I have yet to see someone on BL proclaim that a drug is totally safe for everyone who uses it. People love using extremes to illustrate a point. It manipulates the reader into thinking in black and white... Yes, there is a grey area of risk in drug use. There has awlays been a focus on the variation between experiences on this board. Within reading the first couple of trip reports you will understand that the same drug may effect you differently to the next person.
Bill Stronach, chief executive of the Australian Drug Foundation, said information about drugs should be freely available on the Internet.
waiting for the "...but".
But he said the information needed to come from credible sources such as the Australian Drug Information Network.
But a forum holds so much more value than a bias network!

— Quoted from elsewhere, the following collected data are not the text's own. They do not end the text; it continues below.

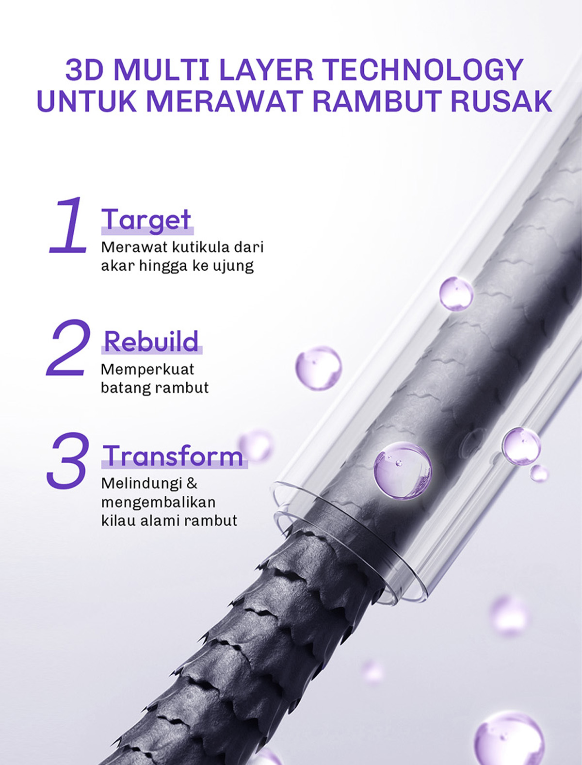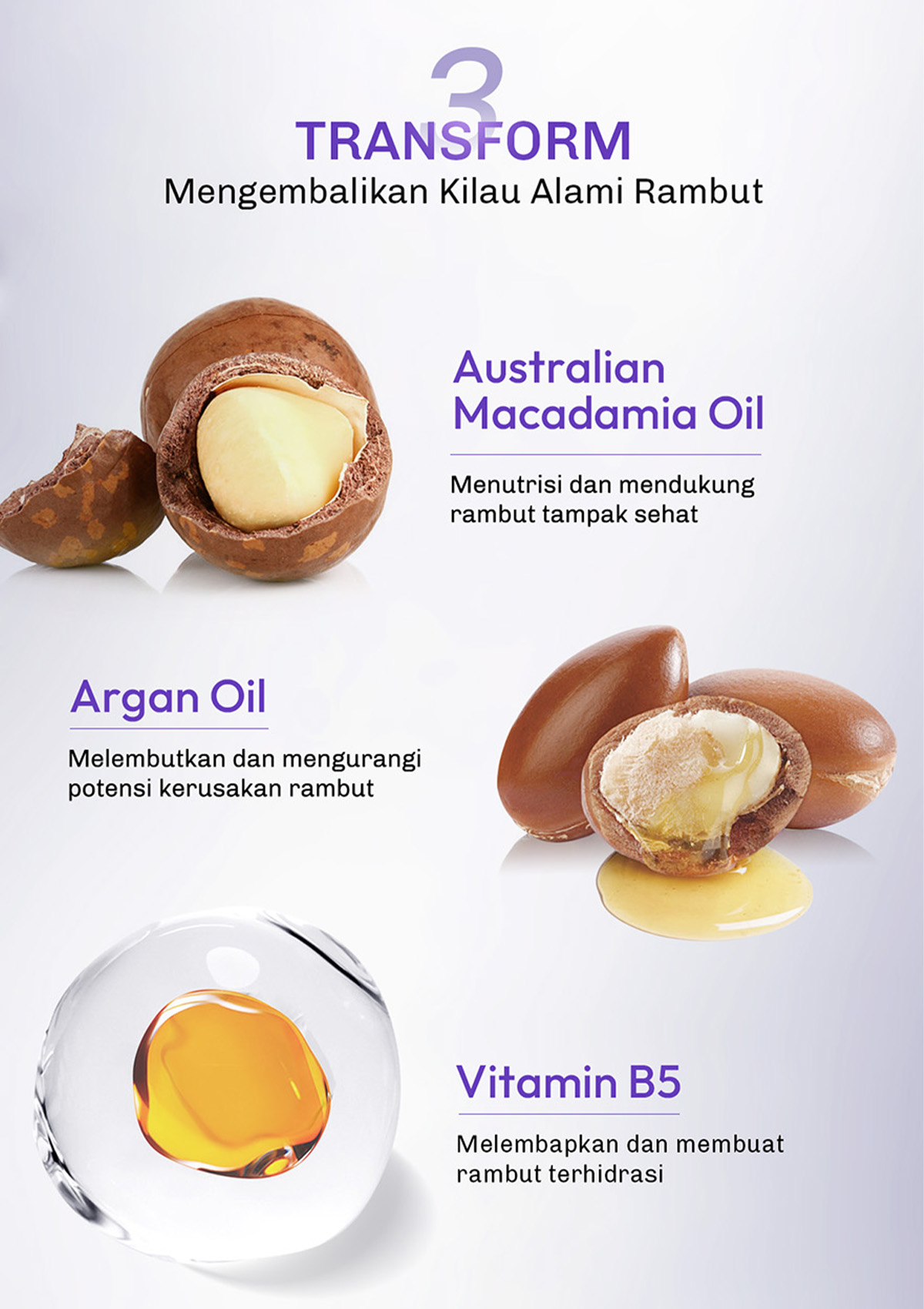 Kombinasi 3× Keratin, 3× Kolagen, dan 15× Asam Amino yang membantu memperbaiki tampilan rambut rusak dengan menghaluskan kutikula dan mengurangi rambut kusut. Diperkaya dengan Minyak Macadamia Australia dan silikon ringan untuk membuat rambut lembut, halus, dan mudah diatur tanpa rasa berat atau berminyak.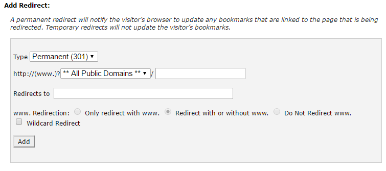Click Redirects link, and then you will go to following page: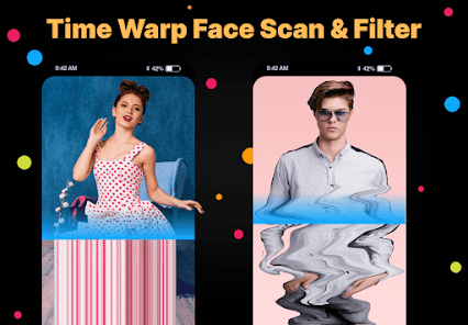 現在通過這個時間扭曲面部掃描和過濾器應用程序製作有趣、獨特和時尚的時間扭曲照片和視頻。在社交網絡上分享,與朋友和同事一起玩樂。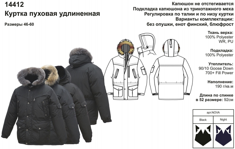 Куртка мужская пуховая удлиненная (без опушки) 14412 Night размер 46 5 990,00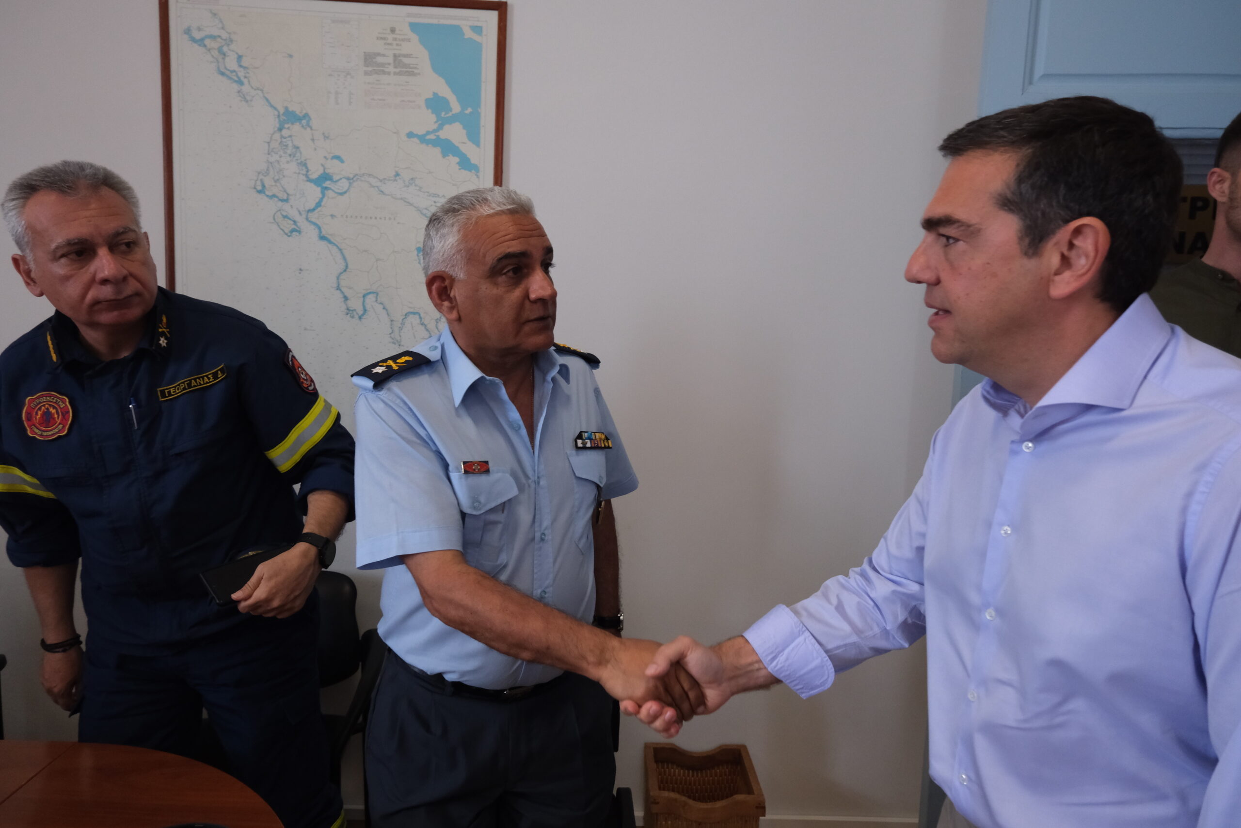 Νωρίτερα, ο κ. Τσίπρας συναντήθηκε με τις αρμόδιες Αρχές, αξιωματικούς του Λιμενικού, παρόντος και του υπηρεσιακού υπουργού Κλιματικής Κρίσης και Πολιτικής Προστασίας Ευαγγελου Τουρνά.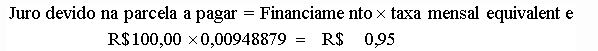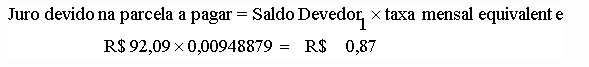 O juro devido na parcela a pagar equivale ao juro mensal sobre o saldo devedor: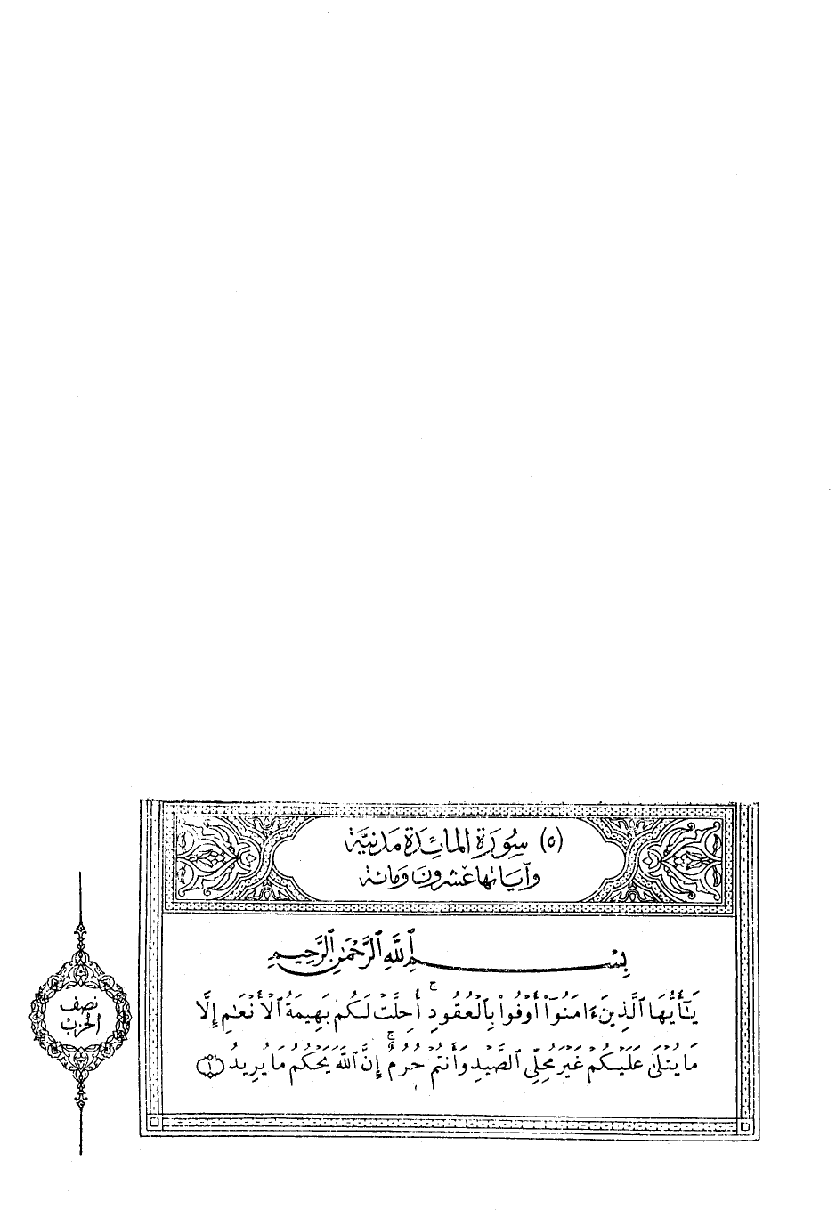 يا أَيُّهَا الَّذِينَ آمَنُوا أَوْفُوا بِالْعُقُودِ أُحِلَّتْ لَكُمْ بَهِيمَةُ الْأَنْعامِ إِلاَّ مَا يُتْلى عَلَيْكُمْ غَيْرَ مُحِلِّي الصَّيْدِ وَأَنْتُمْ حُرُمٌ إِنَّ اللَّهَ يَحْكُمُ مَا يُرِيدُ (1) يا أَيُّهَا الَّذِينَ آمَنُوا لا تُحِلُّوا شَعائِرَ اللَّهِ وَلا الشَّهْرَ الْحَرامَ وَلا الْهَدْيَ وَلا الْقَلائِدَ وَلا آمِّينَ الْبَيْتَ الْحَرامَ يَبْتَغُونَ فَضْلاً مِنْ رَبِّهِمْ وَرِضْواناً وَإِذا حَلَلْتُمْ فَاصْطادُوا وَلا يَجْرِمَنَّكُمْ شَنَآنُ قَوْمٍ أَنْ صَدُّوكُمْ عَنِ الْمَسْجِدِ الْحَرامِ أَنْ تَعْتَدُوا وَتَعاوَنُوا عَلَى الْبِرِّ وَالتَّقْوى وَلا تَعاوَنُوا عَلَى الْإِثْمِ وَالْعُدْوانِ وَاتَّقُوا اللَّهَ إِنَّ اللَّهَ شَدِيدُ الْعِقابِ (2) حُرِّمَتْ عَلَيْكُمُ الْمَيْتَةُ وَالدَّمُ وَلَحْمُ الْخِنْزِيرِ وَما أُهِلَّ لِغَيْرِ اللَّهِ بِهِ وَالْمُنْخَنِقَةُ وَالْمَوْقُوذَةُ وَالْمُتَرَدِّيَةُ وَالنَّطِيحَةُ وَما أَكَلَ السَّبُعُ إِلاَّ مَا ذَكَّيْتُمْ وَما ذُبِحَ عَلَى النُّصُبِ وَأَنْ تَسْتَقْسِمُوا بِالْأَزْلامِ ذلِكُمْ فِسْقٌ الْيَوْمَ يَئِسَ الَّذِينَ كَفَرُوا مِنْ دِينِكُمْ فَلا تَخْشَوْهُمْ وَاخْشَوْنِ الْيَوْمَ أَكْمَلْتُ لَكُمْ دِينَكُمْ وَأَتْمَمْتُ عَلَيْكُمْ نِعْمَتِي وَرَضِيتُ لَكُمُ الْإِسْلامَ دِيناً فَمَنِ اضْطُرَّ فِي مَخْمَصَةٍ غَيْرَ مُتَجانِفٍ لِإِثْمٍ فَإِنَّ اللَّهَ غَفُورٌ رَحِيمٌ (3) يَسْئَلُونَكَ مَاذَا أُحِلَّ لَهُمْ قُلْ أُحِلَّ لَكُمُ الطَّيِّباتُ وَما عَلَّمْتُمْ مِنَ الْجَوارِحِ مُكَلِّبِينَ تُعَلِّمُونَهُنَّ مِمَّا عَلَّمَكُمُ اللَّهُ فَكُلُوا مِمَّا أَمْسَكْنَ عَلَيْكُمْ وَاذْكُرُوا اسْمَ اللَّهِ عَلَيْهِ وَاتَّقُوا اللَّهَ إِنَّ اللَّهَ سَرِيعُ الْحِسابِ (4)

Not only is BL bigger than any drug information site around, it is a product of thousands of indepentant minds, instead of a few "credible" sources.
Ilsa Colson, a spokes woman for Health Minister John Thwaites, said the State Government opposed anything that promoted drug use, but that censorship of the Internet was a matter for the Federal Government.
Federal Communications Minister Richard Alston spokesman Sasha Glebe said people could lodge complaints about the site with the Australian Broadcasting Authority.
Mr Glebe said the Office of Film and Literature Classification had the power to review complaints about websites and issue "take-down" notices to Internet service providers.
He said the laws generally related to sites promoting "illegal and highly offensive material", including pedophilia and instructions on how to make bombs.
ie: All those words just to say the ABA and the OFLC cant touch this site...
Ok, thats it for me... I was basically trying to look at the thing without a knee-jerk reaction. It's not TOO bad an article (accept for the last few paragraphs!). Tell me what you think.